The data:
──────────

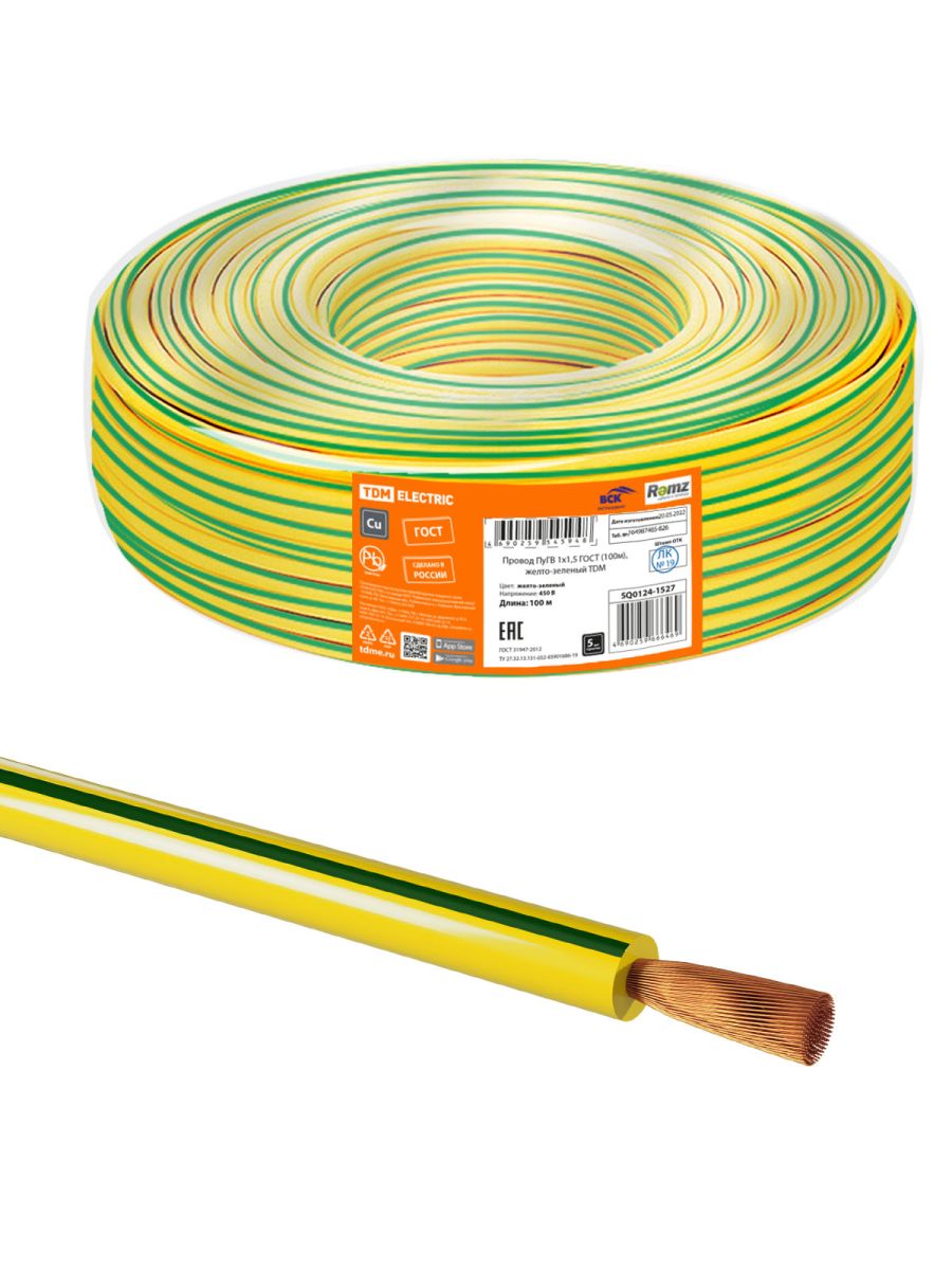 Читать все статьиПровод ПуГВ 1х1,5 ГОСТ (100м), желто-зеленый TDM
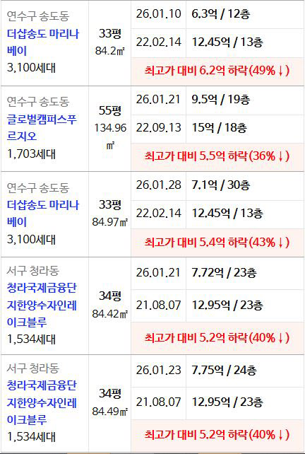 국토교통부 실거래가공개시스템에 따르면 ‘더샵송도마리나베이’ 전용 84㎡은 지난 달 6억3000만원(12층)에 거래됐다. 한 달 전 같은 층이 7억1500만원에 팔리면서 반등 기대감이 나왔으나, 이보다 8000만원 떨어진 가격에 거래가 성사됐다. 이는 2022년 2월 기록인 최고가 12억4500만의 절반 수준이다.
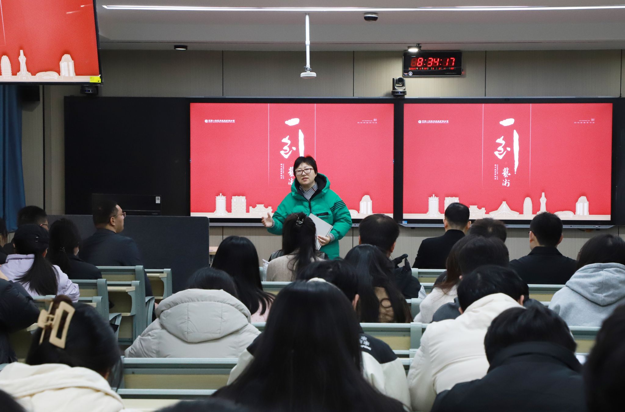 周青向在场师生介绍了河南一创艺术发展有限公司董事长李国庆、创意部总监曹海山等一行,并对他们的到来表示热烈的欢迎。她表示,该公司在其发展的20年里,一直专注于弘扬中华优秀传统文化及时代精神,坚定文化自信,用艺术形式书写中国故事,这与同学们的专业领域和发展追求高度契合。她希望大家正确认识就业形势,树立积极的就业观,把握工作机会,在岗位上历练自我,超越自我,彰显出优秀的职业素养。
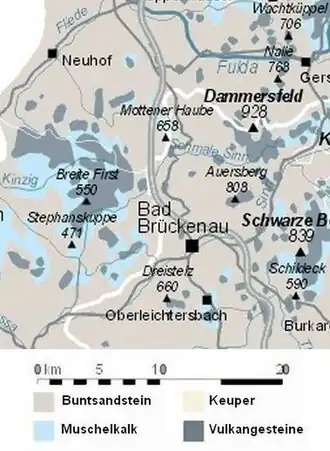 - ↑ Werner Röll: Geographische Landesaufnahme: Die naturräumlichen Einheiten auf Blatt 126 Fulda – Bundesanstalt für Landeskunde, Bad Godesberg 1969 → Online-Karte (PDF; 4 MB).

──────────

Problem details: Print exactly what appears from the first line of the listing above down to the line containing "국토교통부 실거래가공개시스템에 따르면", inclusive, and leave out all pictures.

Task result:
 Читать все статьиПровод ПуГВ 1х1,5 ГОСТ (100м), желто-зеленый TDM
 국토교통부 실거래가공개시스템에 따르면 ‘더샵송도마리나베이’ 전용 84㎡은 지난 달 6억3000만원(12층)에 거래됐다. 한 달 전 같은 층이 7억1500만원에 팔리면서 반등 기대감이 나왔으나, 이보다 8000만원 떨어진 가격에 거래가 성사됐다. 이는 2022년 2월 기록인 최고가 12억4500만의 절반 수준이다.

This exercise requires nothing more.